LLM-facing schema: a discriminated union of operations per slot.

Field descriptions are pulled from the corresponding Pydantic Field(description=...) declarations on VideoEdit and SegmentConfig so the hand-rolled schema stays in sync with the models without needing to repeat the docstrings here.

Source code in src/videopython/editing/video_edit.py

@classmethod
def json_schema(cls) -> dict[str, Any]:
    """LLM-facing schema: a discriminated union of operations per slot.

    Field descriptions are pulled from the corresponding Pydantic
    ``Field(description=...)`` declarations on ``VideoEdit`` and
    ``SegmentConfig`` so the hand-rolled schema stays in sync with the
    models without needing to repeat the docstrings here.
    """
    op_schema = Operation.json_schema()

    def _desc(model: type[BaseModel], field_name: str) -> str:
        return model.model_fields[field_name].description or ""

    segment_schema: dict[str, Any] = {
        "type": "object",
        "description": SegmentConfig.__doc__,
        "properties": {
            "source": {"type": "string", "description": _desc(SegmentConfig, "source")},
            "start": {"type": "number", "minimum": 0, "description": _desc(SegmentConfig, "start")},
            "end": {"type": "number", "minimum": 0, "description": _desc(SegmentConfig, "end")},
            "operations": {
                "type": "array",
                "items": op_schema,
                "default": [],
                "description": _desc(SegmentConfig, "operations"),
            },
        },
        "required": ["source", "start", "end"],
        "additionalProperties": False,
    }
    return {
        "$schema": "http://json-schema.org/draft-07/schema#",
        "type": "object",
        "description": cls.__doc__,
        "properties": {
            "segments": {
                "type": "array",
                "items": segment_schema,
                "minItems": 1,
                "description": _desc(cls, "segments"),
            },
            "post_operations": {
                "type": "array",
                "items": op_schema,
                "default": [],
                "description": _desc(cls, "post_operations"),
            },
            "match_to_lowest_fps": {
                "type": "boolean",
                "default": True,
                "description": _desc(cls, "match_to_lowest_fps"),
            },
            "match_to_lowest_resolution": {
                "type": "boolean",
                "default": True,
                "description": _desc(cls, "match_to_lowest_resolution"),
            },
        },
        "required": ["segments"],
        "additionalProperties": False,
    }

validate

validate(
    context: dict[str, Any] | None = None,
) -> VideoMetadata

Dry-run the plan via metadata. Requires source files on disk.

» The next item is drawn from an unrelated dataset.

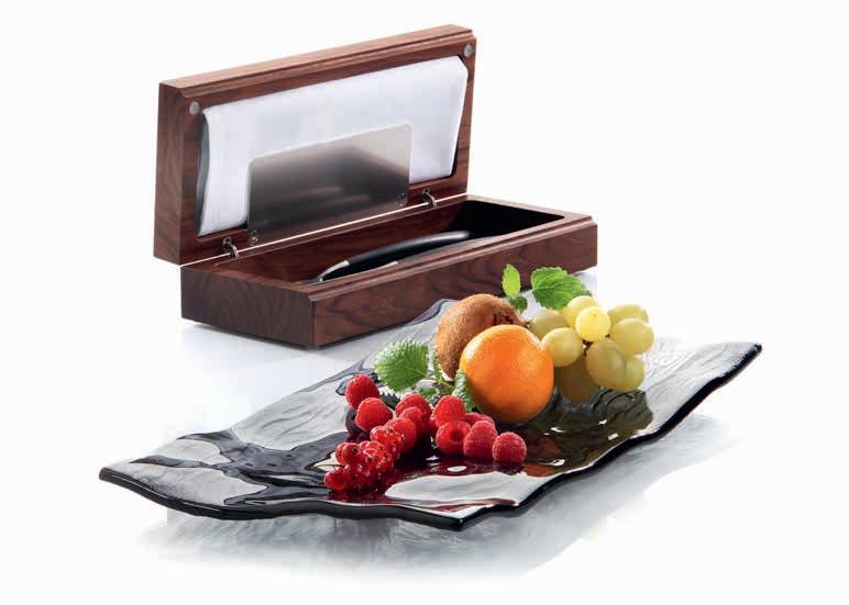 Der ebenso erhältliche Glasdeckel aus grau getöntem Glas setzt das Präsentierte eindrucksvoll in Szene.

Shadows Pydantic v1's deprecated BaseModel.validate classmethod; use VideoEdit.from_dict/model_validate for plan parsing.

Source code in src/videopython/editing/video_edit.py

def validate(self, context: dict[str, Any] | None = None) -> VideoMetadata:  # type: ignore[override]
    """Dry-run the plan via metadata. Requires source files on disk.

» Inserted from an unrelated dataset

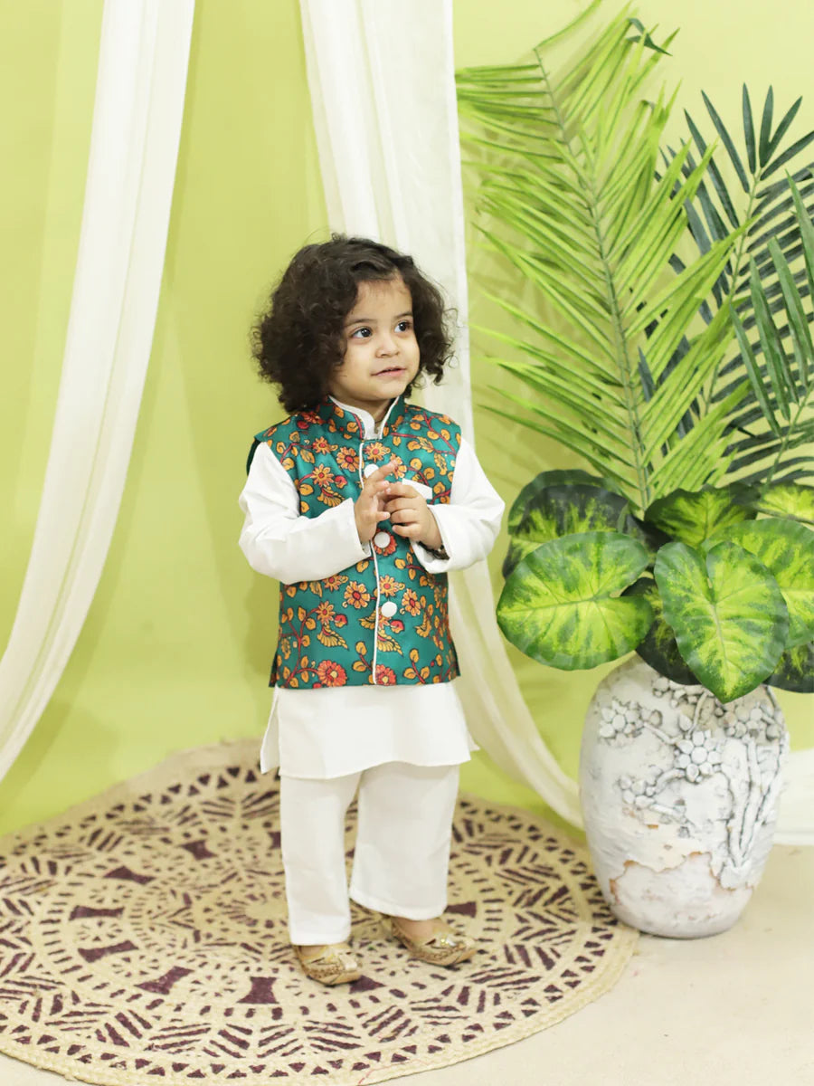BownBee Kalamkari Print Jacket with Kurta Pajama for Boys- Green

    Shadows Pydantic v1's deprecated ``BaseModel.validate`` classmethod;
    use ``VideoEdit.from_dict``/``model_validate`` for plan parsing.
    """
    source_metas = [VideoMetadata.from_path(str(seg.source)) for seg in self.segments]
    return self._validate(source_metas, context)

validate_with_metadata

validate_with_metadata(
    source_metadata: VideoMetadata
    | dict[str, VideoMetadata],
    context: dict[str, Any] | None = None,
) -> VideoMetadata

Dry-run with pre-built metadata, avoiding disk access.

Source code in src/videopython/editing/video_edit.py

def validate_with_metadata(
    self,
    source_metadata: VideoMetadata | dict[str, VideoMetadata],
    context: dict[str, Any] | None = None,
) -> VideoMetadata:
    """Dry-run with pre-built metadata, avoiding disk access."""
    if isinstance(source_metadata, VideoMetadata):
        metas = [source_metadata for _ in self.segments]
    else:
        metas = []
        for i, seg in enumerate(self.segments):
            key = str(seg.source)
            if key not in source_metadata:
                available = sorted(source_metadata)
                raise ValueError(f"Segment {i}: no metadata for '{key}'. Available: {available}")
            metas.append(source_metadata[key])
    return self._validate(metas, context)

run

run(context: dict[str, Any] | None = None) -> Video

Execute the plan in memory and return the final Video.

Source code in src/videopython/editing/video_edit.py

def run(self, context: dict[str, Any] | None = None) -> Video:
    """Execute the plan in memory and return the final ``Video``."""
    self._assert_post_ops_supported(context)
    target_fps, target_w, target_h = self._matching_targets_from_disk()
    videos = [
        segment.process(segment.load(fps=target_fps, width=target_w, height=target_h), context)
        for segment in self.segments
    ]
    result = videos[0]
    for video in videos[1:]:
        result = result + video
    for op in self.post_operations:
        result = _apply_with_context(op, result, context)
    return result

run_to_file

run_to_file(
    output_path: str | Path,
    format: ALLOWED_VIDEO_FORMATS = "mp4",
    preset: ALLOWED_VIDEO_PRESETS = "medium",
    crf: int = 23,
    context: dict[str, Any] | None = None,
) -> Path

Execute the plan, streaming directly to a file when possible.

Falls back to eager (self.run().save(...)) for any operation that isn't streamable. Memory usage is O(1) w.r.t. video length for fully streamable pipelines.

Source code in src/videopython/editing/video_edit.py

def run_to_file(
    self,
    output_path: str | Path,
    format: ALLOWED_VIDEO_FORMATS = "mp4",
    preset: ALLOWED_VIDEO_PRESETS = "medium",
    crf: int = 23,
    context: dict[str, Any] | None = None,
) -> Path:
    """Execute the plan, streaming directly to a file when possible.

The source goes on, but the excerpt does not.